▶ _TASK ITEM_: Leave out all pictures. Return exactly the lines from the top of the material through the line containing "Truk Terbalik, Kelapa".

▶ _STORED DATA_:
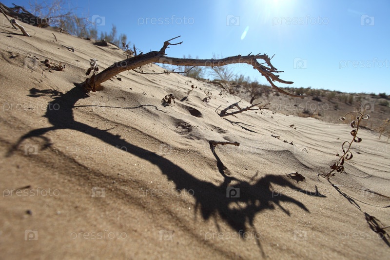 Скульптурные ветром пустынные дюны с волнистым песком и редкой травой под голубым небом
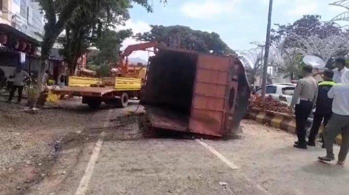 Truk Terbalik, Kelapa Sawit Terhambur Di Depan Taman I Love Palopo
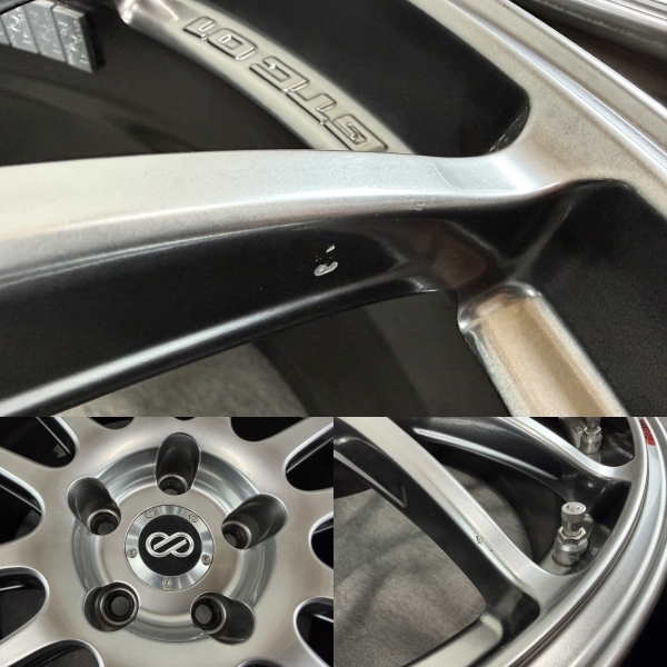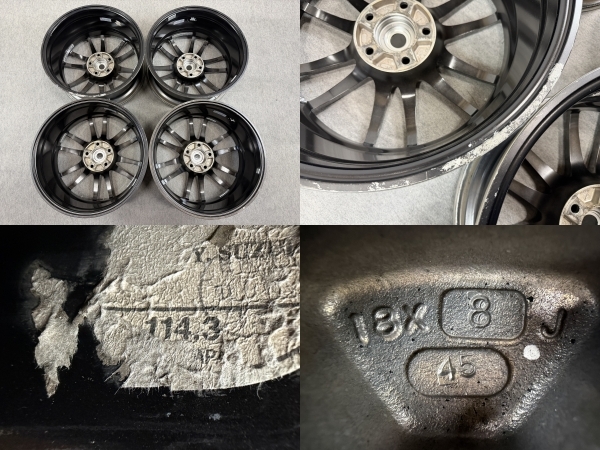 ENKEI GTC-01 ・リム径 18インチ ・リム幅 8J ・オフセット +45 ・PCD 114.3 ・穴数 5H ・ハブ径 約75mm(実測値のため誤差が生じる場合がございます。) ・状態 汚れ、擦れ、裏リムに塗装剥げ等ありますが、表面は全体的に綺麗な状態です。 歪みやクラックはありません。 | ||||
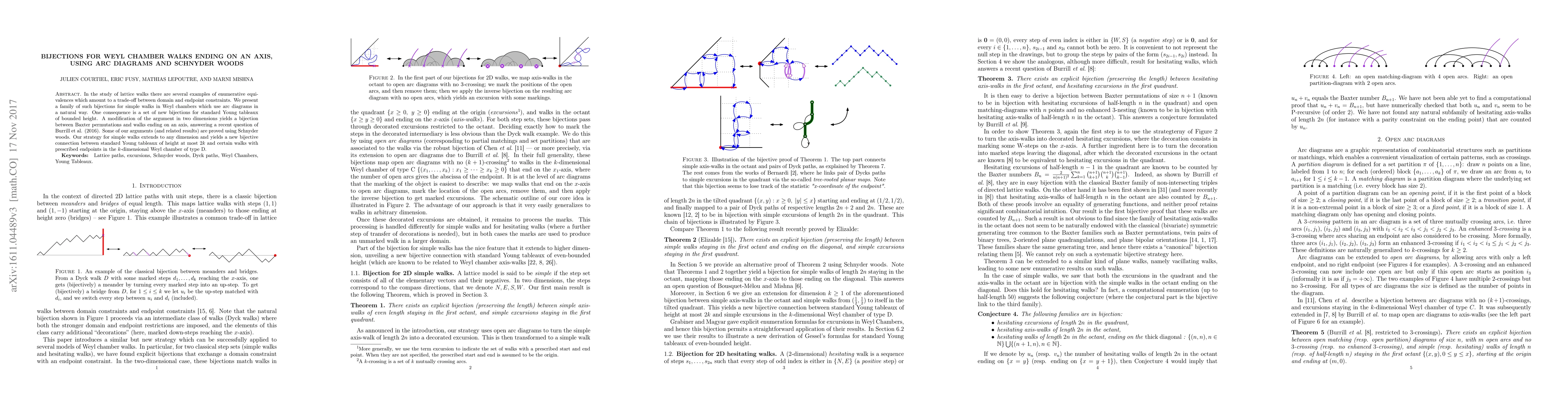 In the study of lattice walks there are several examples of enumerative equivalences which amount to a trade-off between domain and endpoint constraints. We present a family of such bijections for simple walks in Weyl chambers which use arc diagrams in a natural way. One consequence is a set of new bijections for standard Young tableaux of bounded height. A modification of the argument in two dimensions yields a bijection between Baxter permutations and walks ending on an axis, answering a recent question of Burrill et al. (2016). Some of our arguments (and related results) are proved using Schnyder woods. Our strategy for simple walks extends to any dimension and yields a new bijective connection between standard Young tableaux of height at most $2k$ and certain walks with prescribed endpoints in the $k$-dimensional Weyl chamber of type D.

▶ _TASK ANSWER_:
 Скульптурные ветром пустынные дюны с волнистым песком и редкой травой под голубым небом
 Truk Terbalik, Kelapa Sawit Terhambur Di Depan Taman I Love Palopo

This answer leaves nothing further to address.